Abstract
Antarctica is the least populated place on Earth, but the frozen continent and its surrounding Southern Ocean are still affected by human activities. Scientists have found large pieces of plastic such as fishing nets, and microscopic-sized pieces of plastic, too. Some plastics can be hundreds of times smaller than a grain of sand, and these are called nanoplastics. The Southern Ocean, which surrounds Antarctica, is also warming faster than other oceans and is becoming more acidic. Thus, Antarctic marine animals that have lived in an untouched, stable environment for millions of years are now being exposed to plastic pollution and human-caused climate change. We are studying how Antarctic marine life is coping with plastic pollution in this quickly changing ocean. We focus on Antarctic krill, a small crustacean that supports the Antarctic marine food web. Findings show that krill embryos subjected to ocean acidification and nanoplastics develop less than embryos in ordinary seawater conditions.
How Does Plastic Get to the End of the Earth?
Antarctica is the most remote place on earth, but it is not protected from plastic pollution which accidently enters the ocean. In the Southern Ocean which surrounds Antarctica, plastic can be very large such as lost fishing nets or very small particles, which are called micro- and nano-plastics.
As polar scientists working on plastic pollution, we are often asked the question: “Nobody lives in Antarctica, so where does all the plastic pollution come from?” This is a very good question. It is true that Antarctica does not have a permanent human population. But more and more people can now reach the South Pole, at the end of the Earth. People might be in Antarctica for science, for industry activities such as fishing, or even for tourism. The more people that visit Antarctica, the more potential there is for plastic to be released into the water by accident. Nobody wants our plastic waste to end up in the ocean, but plastic is in so many products, it is difficult to avoid. For example, plastic fibers can come off our clothes especially when they are being washed and paint chips from ships end up in the water, too.

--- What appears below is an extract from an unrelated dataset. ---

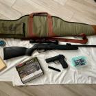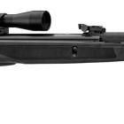 Gamo nous livre cette année encore de bien belles nouveautés en carabines à air comprimé. L'espagnol s'appuie sur ses technologies propres et ses recherches pour développer des carabines toujours plus agréables à utiliser en loisir. Cette carabine à canon basculant Black Bear de Gamo possède un canon de calibre 4,5 mm assez long et manchonné de polymère afin d'améliorer la prise en main lors des opérations de rechargement de l'arme. Un frein de bouche est fixé à la bouche du canon. Les organes de visée fixe sont composés d'une hausse réglable en hauteur et dérive avec fibre optique lumineuse verte et d'un guidon également bien visible de couleur orange. Une lunette de grossissement 4 et de diamètre d'objectif de 32 mm est également fournie avec l'arme. Elle permettra des tirs plus précis au-delà de 10 mètres. La carabine est donnée pour une puissance de 19,9 joules et la vitesse des diabolos indiquée par le fabricant est de 280 m/s.

Not all the plastic pollution in the Southern Ocean (the ocean that surrounds Antarctica) is from people who have traveled to Antarctica. Plastics can travel exceptionally long distances across the ocean. Previously, scientists thought that plastics would not be able to reach the Southern Ocean from other oceans because there is a strong current around Antarctica that acts as a barrier (Figure 1A). But scientists now believe plastics can pass through this strong current. Microscopic plastic particles can be carried by subsurface currents, by sticking to seaweed, or they can be carried within marine animals that have eaten plastic. This means that plastics that accidently end up in the oceans all over the world could eventually end up in Antarctica [1].
- Figure 1 - (A) The strong ocean currents that surround Antarctica might impact how plastic pollution reaches the Southern Ocean but does not protect the Polar regions from plastic pollution passing through (Figure adapted from Armitage et al.
- [2]). (B) Antarctic food web showing the importance of Antarctic krill (blue arrows; all arrows indicate who eats whom). Carnivorous zooplankton eat other zooplankton, while herbivorous zooplankton eat algae (phytoplankton). You can see that Antarctic krill are at the base of the entire Antarctic food web, which is why it is important to understand how nanoplastics and other changes affect them.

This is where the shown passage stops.